Battelle Designs a Statistical Monitoring Plan

Figure 1. Battelle designed a transect grid for sediment collection covering 800 meters of Stratford Point's shoreline.
From the 1920s until 1986, the sports of trap and skeet at the former Remington/Lordship Gun Club on Stratford Point, Stratford, Connecticut, discharged lead shot into the waters and sediments surrounding the Point. Research determined that some 400,000 cubic yards of subtidal, intertidal, and upland sediments would need to be remediated to bring the lead shot level to a non-threatening concentration for the Point’s black duck population. Because only the intertidal and upland sediments provide access to lead shot to these species, only those areas will be remediated. The subtidal lead shot will be left in place to avoid risk of degradation to other nearby resources from the remediation.

To verify that subtidal shot is not transported to the intertidal zone, a long-term monitoring program was required and will become part of the remediation effort. Battelle scientists have designed and are currently implementing this long-term monitoring program. Specifically, the monitoring program is designed to test the hypothesis that lead shot is not transported to the intertidal zone. Battelle’s statistically based, in-depth shot transport monitoring program will determine any possible shoreward migration of shot from the subtidal zone to the intertidal zone.
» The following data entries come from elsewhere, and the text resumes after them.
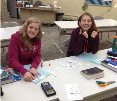
The Freshmen putting together a factoring puzzle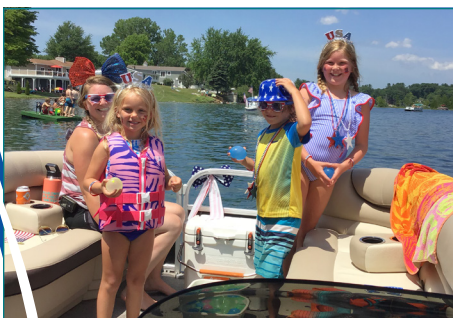
We're Ready for the Show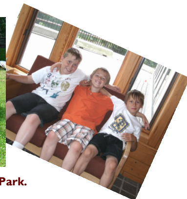
The Backus Kids Club on a field trip at Voyageurs National Park.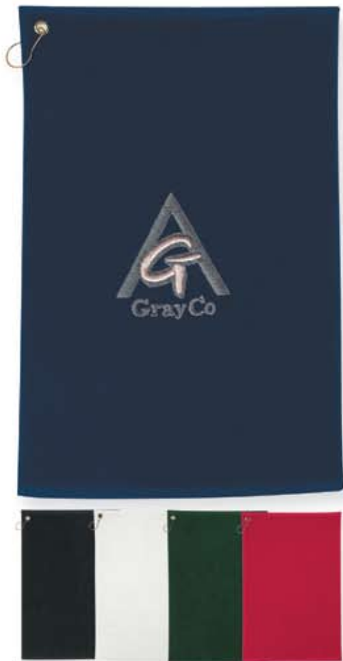
#6074 Unfolded With Grommet And A Hook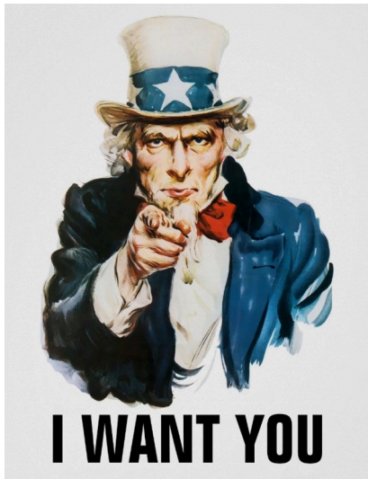
Photo is to be used for a SIR Br.116 Veterans Video celebration at our November Luncheon. If you haven't already submitted a photo, send one via email to: TrampasTopics@gmail.com . Also indicate the approximate year and location.

We want a photo of you in your military uniform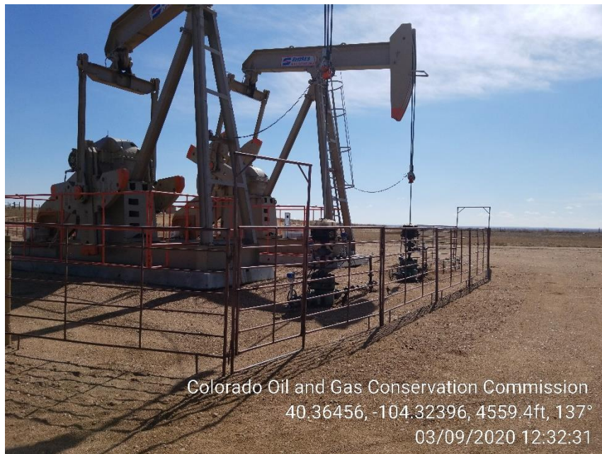
Photo 1 – Wells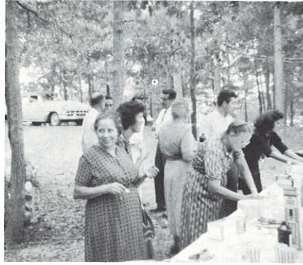
SPANISH PICNIC A HUGE SUCCESS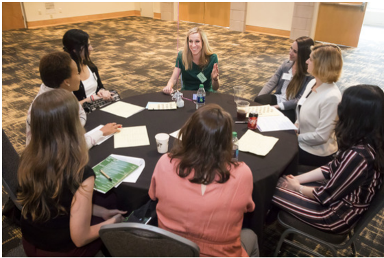
Networking Huddles, 2019 Annual Career Symposium

weeks at the National Academies of Sciences, Engineering, and Medicine in Washington DC learning about science and technology policy and the role that scientists and engineers play in advising the nation. This is a great fellowship opportunity, and if you are interested in applying, let BRET Career Development know and we can connect you with fellowship alumni who can give insight on the application process.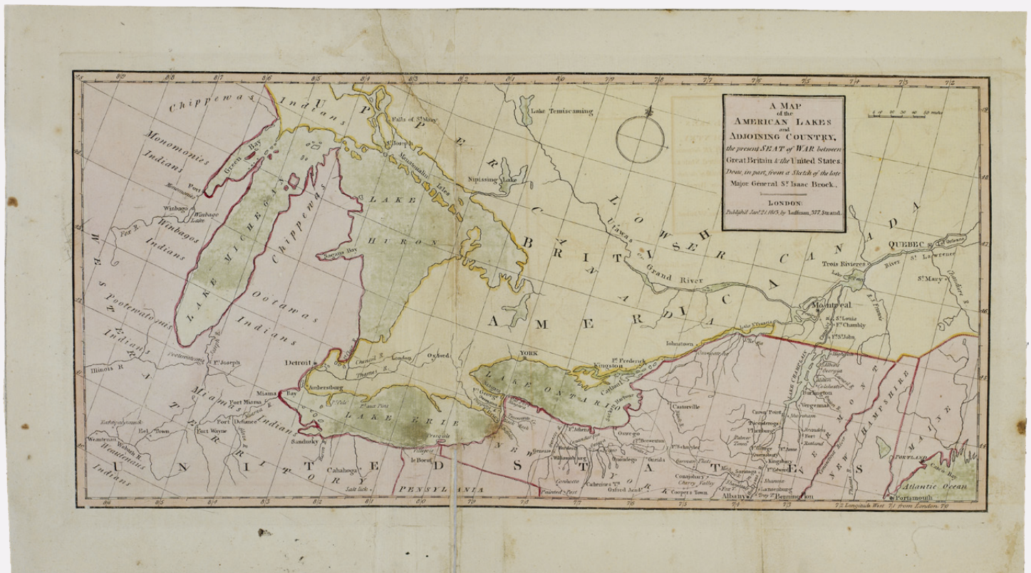
Figure 8: Luffman’s A Map of the American Lakes and Adjoining Country, 1813.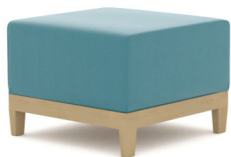
Ottoman W28.5" D28.5" H18" ALII OT00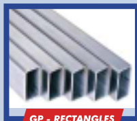
GP - RECTANGLES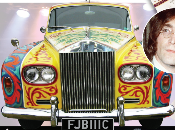
$2.23 million – John Lennon's limo: Priciest Beatles collectible, Lennon's hand-painted Rolls Royce Phantom V. 1985, Sotheby's

The only known surviving draft of the final lyrics of Bob Dylan's transformative rock anthem Like a Rolling Stone has sold for $2.045 million at Sotheby's in New York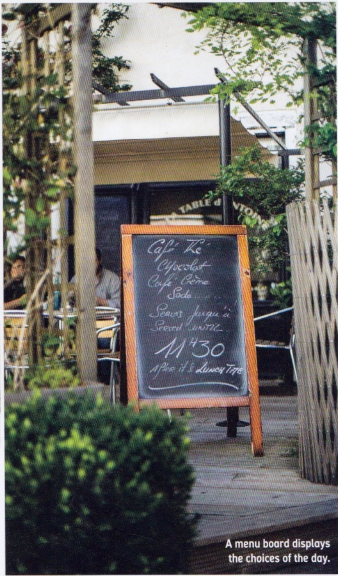
A menu board displays the choices of the day.

The vide-greniers (“rummage sales”), concerts and festivals of summer bring a vibrant bustle to Saint-Antonin. In winter, the tourists disperse, and it gets much quieter, but the locals love having their town back, and I count myself as one of them!

The shoreline surrounding the Point is divided into two sectors relative to the energy of the wave action, a high-energy area and a low-energy area. Because shoreward migration of lead shot may differ in the two energy areas, Battelle’s monitoring plan will collect data from both energy sectors.

To collect the necessary data to test the hypothesis, a two-stage sampling plan for sediment sample collection was selected. Battelle devised a transect grid encompassing 800 meters of the shoreline surrounding the Point that divides the intertidal zone into the two energy sectors and three tidal zones—upper tidal, middle tidal, and lower tidal. This sampling grid is illustrated in Figure 1. Sediment samples for which the concentration of lead shot will be measured, will be collected in such a way that both energy sectors and all three tidal zones are represented. Battelle’s design ensures that sufficient data will be collected to allow any shoreward movement of lead shot over time to be recognized and quantified. The sampling plan also allows for differences in shot migration between the energy sectors to be determined.